Problem statement:
In the listing below, a line holding "Ta letnia sukienka" and a line holding "Het perceel waarop" mark the range. Retype both exactly, with all lines between them.

Source material:
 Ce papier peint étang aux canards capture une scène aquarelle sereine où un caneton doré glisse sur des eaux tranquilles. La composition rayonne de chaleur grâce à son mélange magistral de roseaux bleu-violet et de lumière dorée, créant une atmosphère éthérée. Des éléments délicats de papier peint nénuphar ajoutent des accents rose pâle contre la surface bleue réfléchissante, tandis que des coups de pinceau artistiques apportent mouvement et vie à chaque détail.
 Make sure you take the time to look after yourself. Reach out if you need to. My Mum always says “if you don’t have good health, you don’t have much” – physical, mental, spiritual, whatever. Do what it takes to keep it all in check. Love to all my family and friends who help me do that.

...

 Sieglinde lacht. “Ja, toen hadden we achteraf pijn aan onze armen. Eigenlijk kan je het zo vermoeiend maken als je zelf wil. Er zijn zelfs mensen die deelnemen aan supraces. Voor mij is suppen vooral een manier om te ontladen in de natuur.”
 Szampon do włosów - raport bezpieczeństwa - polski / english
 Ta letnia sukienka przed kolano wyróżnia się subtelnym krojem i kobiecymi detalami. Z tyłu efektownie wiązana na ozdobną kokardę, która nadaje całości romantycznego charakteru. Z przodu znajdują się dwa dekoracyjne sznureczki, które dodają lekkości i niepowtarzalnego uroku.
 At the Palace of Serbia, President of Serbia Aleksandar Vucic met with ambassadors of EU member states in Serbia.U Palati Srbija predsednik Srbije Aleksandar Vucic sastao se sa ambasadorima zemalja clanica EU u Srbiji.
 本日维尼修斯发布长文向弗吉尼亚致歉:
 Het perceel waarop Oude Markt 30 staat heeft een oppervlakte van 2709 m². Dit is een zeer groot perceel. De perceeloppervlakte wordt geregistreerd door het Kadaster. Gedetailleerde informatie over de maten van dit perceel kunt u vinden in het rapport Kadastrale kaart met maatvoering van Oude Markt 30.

==

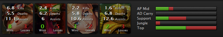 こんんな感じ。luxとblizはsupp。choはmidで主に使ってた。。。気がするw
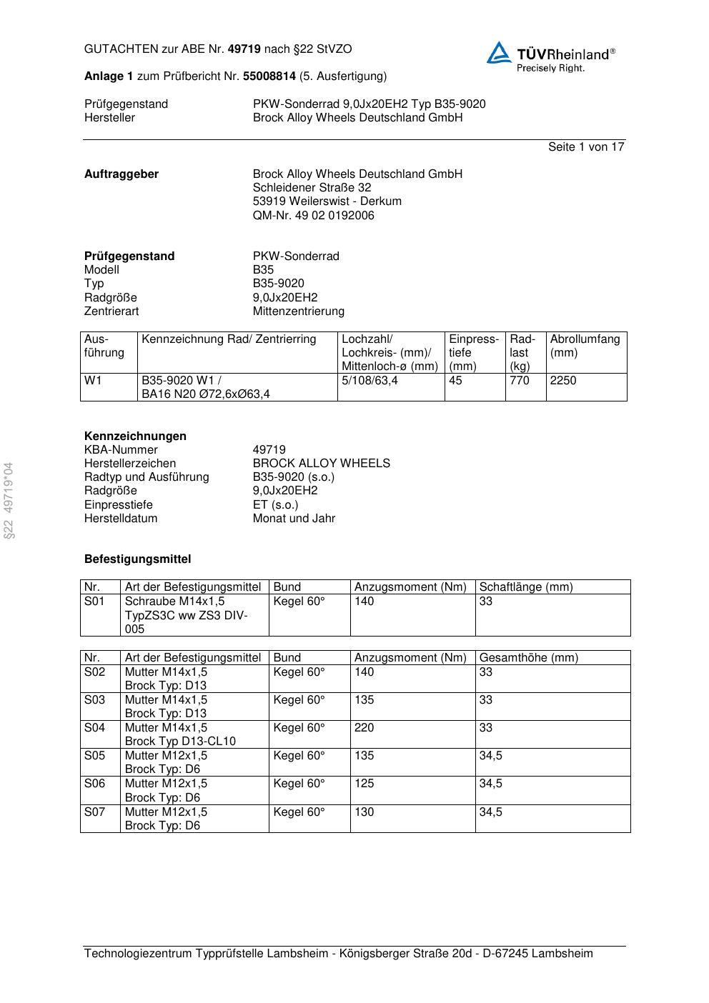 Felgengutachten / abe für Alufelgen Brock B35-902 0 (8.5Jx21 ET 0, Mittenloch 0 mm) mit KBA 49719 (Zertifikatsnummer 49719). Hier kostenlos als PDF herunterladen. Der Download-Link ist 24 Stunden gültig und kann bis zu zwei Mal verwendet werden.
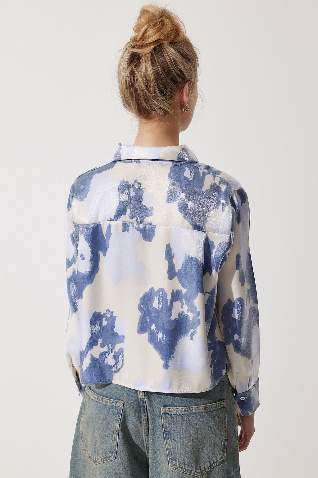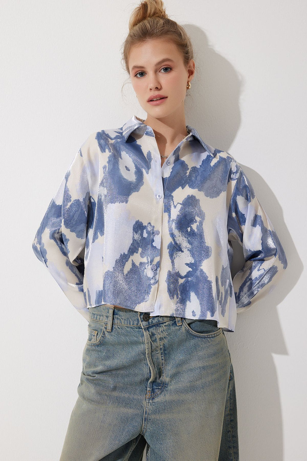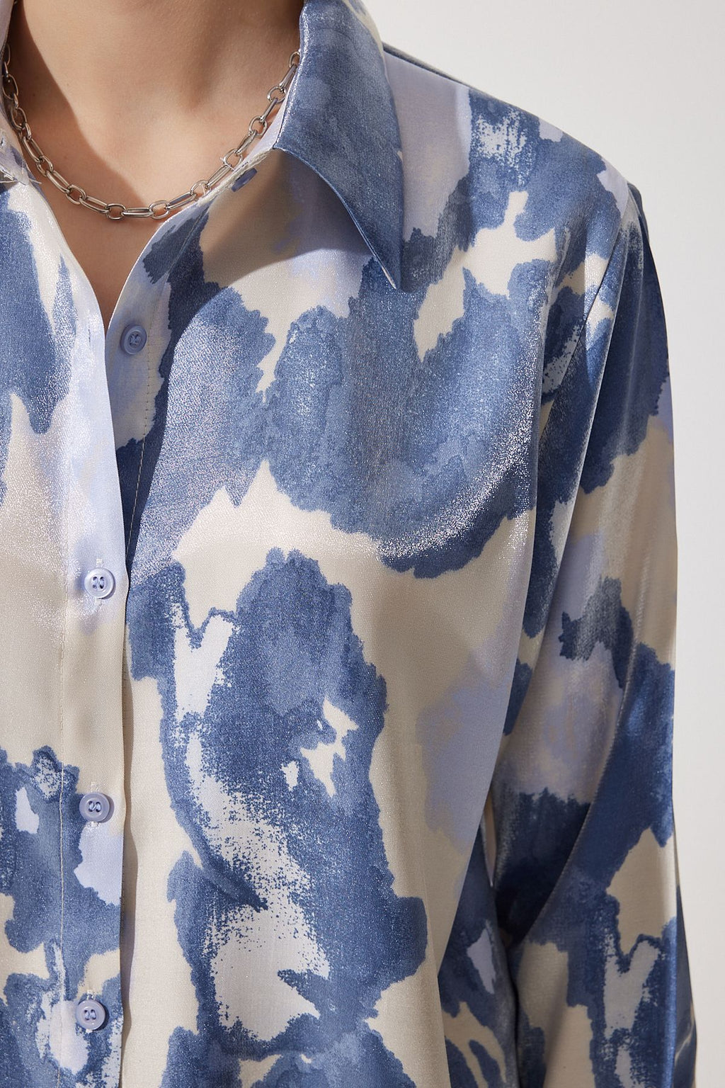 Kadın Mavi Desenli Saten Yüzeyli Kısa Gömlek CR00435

Answer for the task:
 Ta letnia sukienka przed kolano wyróżnia się subtelnym krojem i kobiecymi detalami. Z tyłu efektownie wiązana na ozdobną kokardę, która nadaje całości romantycznego charakteru. Z przodu znajdują się dwa dekoracyjne sznureczki, które dodają lekkości i niepowtarzalnego uroku.
 At the Palace of Serbia, President of Serbia Aleksandar Vucic met with ambassadors of EU member states in Serbia.U Palati Srbija predsednik Srbije Aleksandar Vucic sastao se sa ambasadorima zemalja clanica EU u Srbiji.
 本日维尼修斯发布长文向弗吉尼亚致歉:
 Het perceel waarop Oude Markt 30 staat heeft een oppervlakte van 2709 m². Dit is een zeer groot perceel. De perceeloppervlakte wordt geregistreerd door het Kadaster. Gedetailleerde informatie over de maten van dit perceel kunt u vinden in het rapport Kadastrale kaart met maatvoering van Oude Markt 30.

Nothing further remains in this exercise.